• _Data below_:
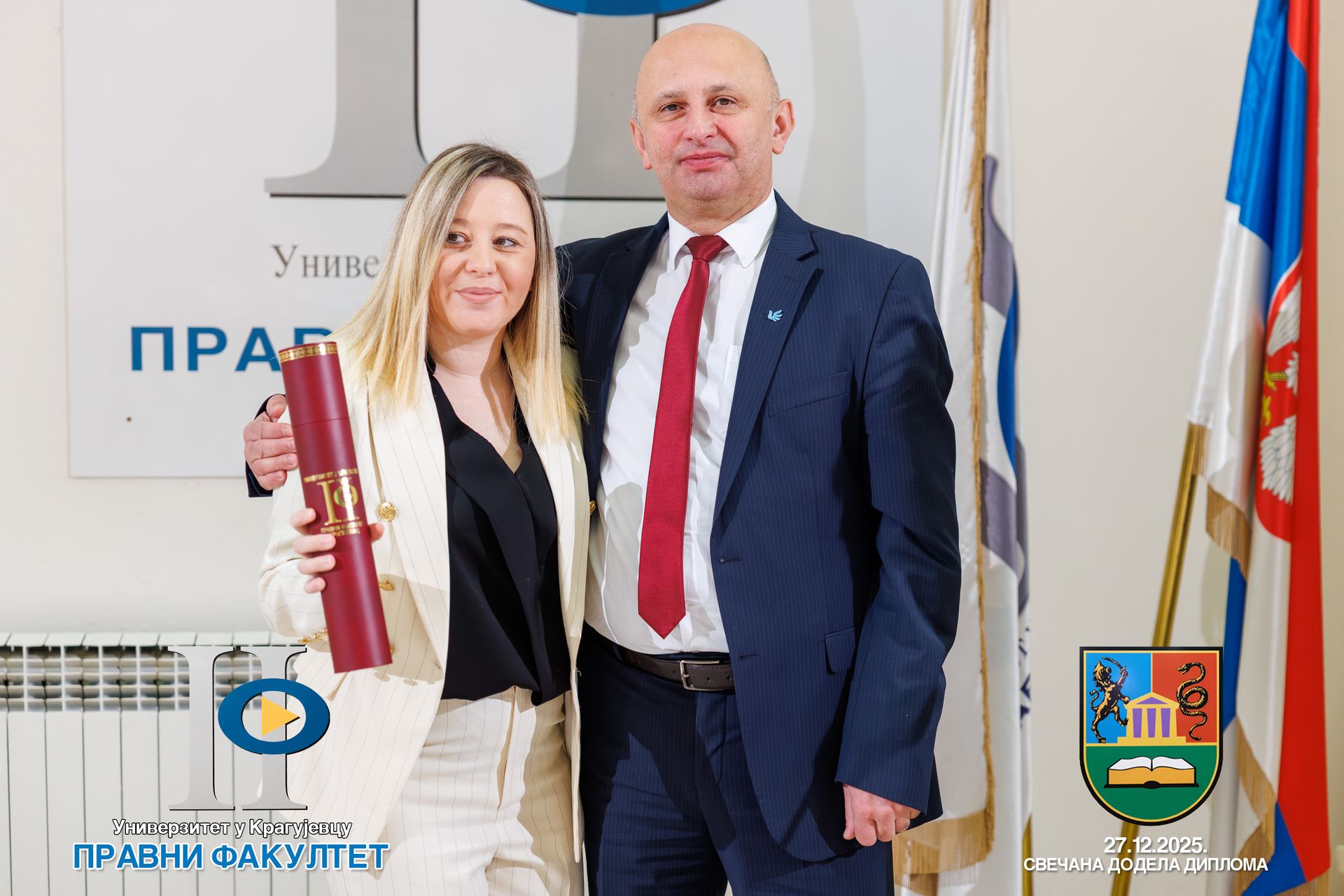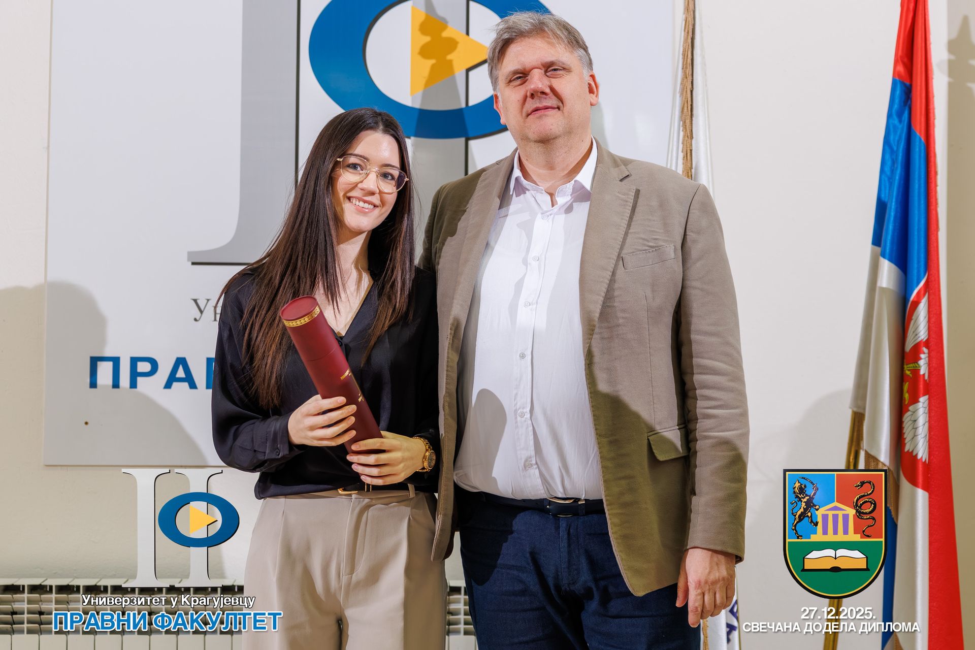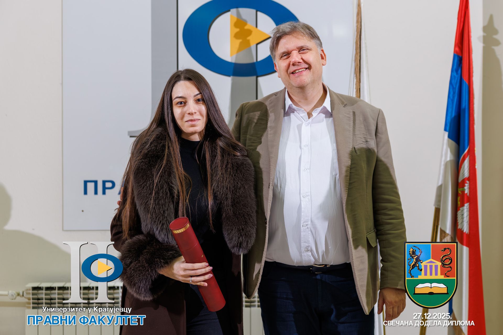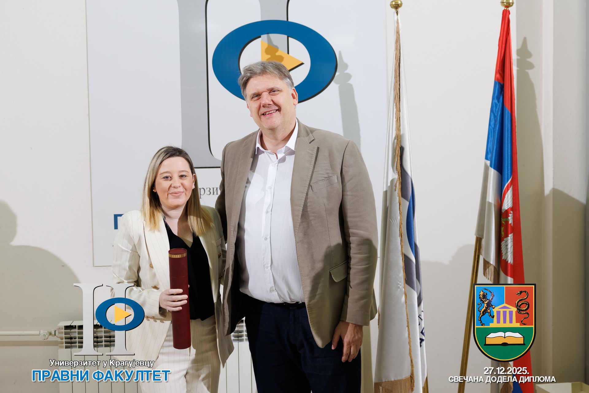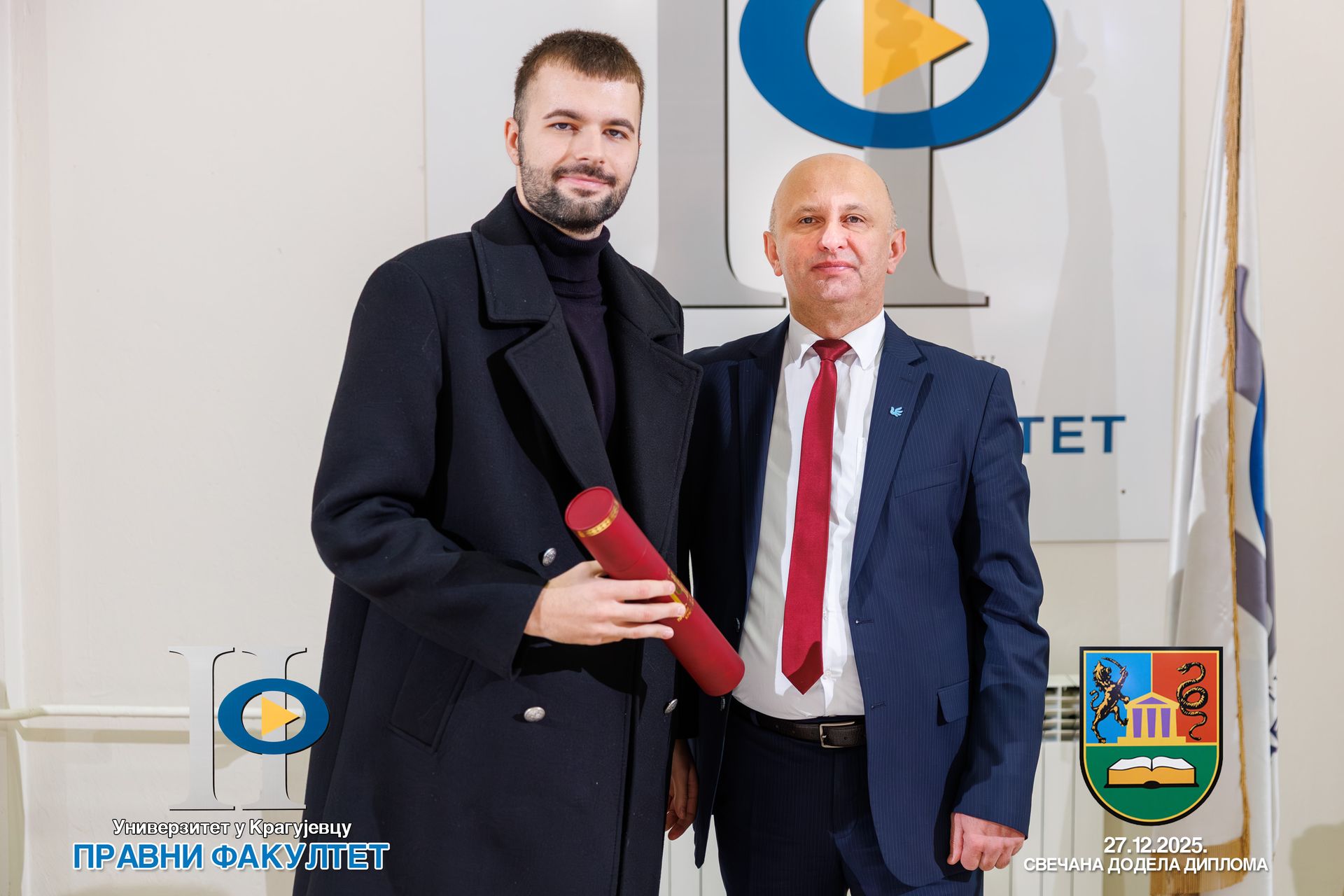 Дана 27. децембра 2025. године на Правном факултету Универзитета у Крагујевцу одржана је свечана додела диплома студентима који су успешно завршили основне или мастер академске студије у периоду од 1. јануара 2024. до 31. октобра 2025. године.
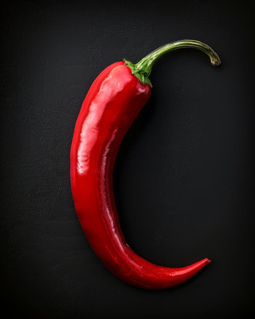 Fresh red hot chili pepper on deep green background, minimalistic style, vegetable art, top view
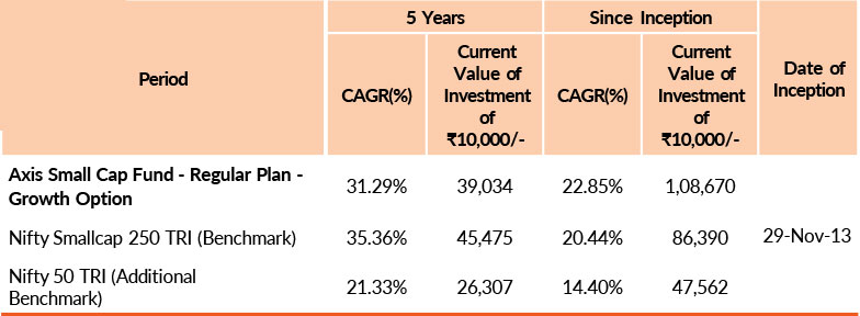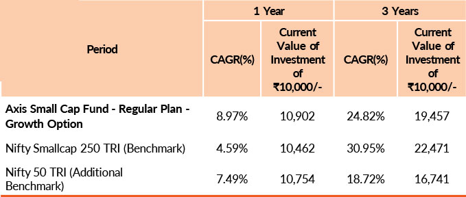 Past performance may or may not be sustained in future.Different plans have different expense structure. Tejas Sheth is managing the scheme since 13th May 2024 and he manages 1 schemes of Axis Mutual Fund & Mayank Hyanki is managing the scheme since 3rd August 2023 and he manages 3 schemes of Axis Mutual Fund & Krishnaa N is managing the scheme since 1st March 2024 and she manages 23 schemes of Axis Mutual Fund . Please refer to annexure for performance of all schemes managed by the fund manager. Returns greater than 1 year period are compounded annualised (CAGR). Face Value per unit : ₹ 10.
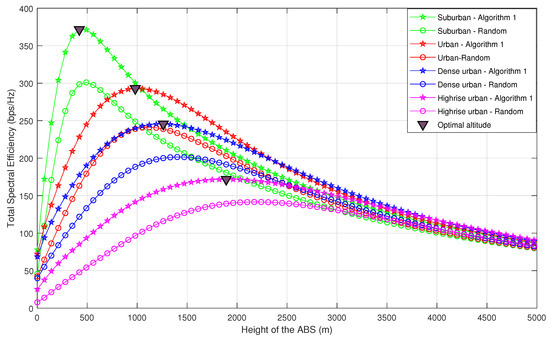 Total spectral efficiency vs. altitude of the ABS (comparison between Algorithm 1-based deployment and random deployment).

• _Goal of the exercise_: Please return only the lines from the one holding "Past performance may" through the end of the data, both ends included; do not copy any pictures.

• _Exercise result_:
 Past performance may or may not be sustained in future.Different plans have different expense structure. Tejas Sheth is managing the scheme since 13th May 2024 and he manages 1 schemes of Axis Mutual Fund & Mayank Hyanki is managing the scheme since 3rd August 2023 and he manages 3 schemes of Axis Mutual Fund & Krishnaa N is managing the scheme since 1st March 2024 and she manages 23 schemes of Axis Mutual Fund . Please refer to annexure for performance of all schemes managed by the fund manager. Returns greater than 1 year period are compounded annualised (CAGR). Face Value per unit : ₹ 10.
 Total spectral efficiency vs. altitude of the ABS (comparison between Algorithm 1-based deployment and random deployment).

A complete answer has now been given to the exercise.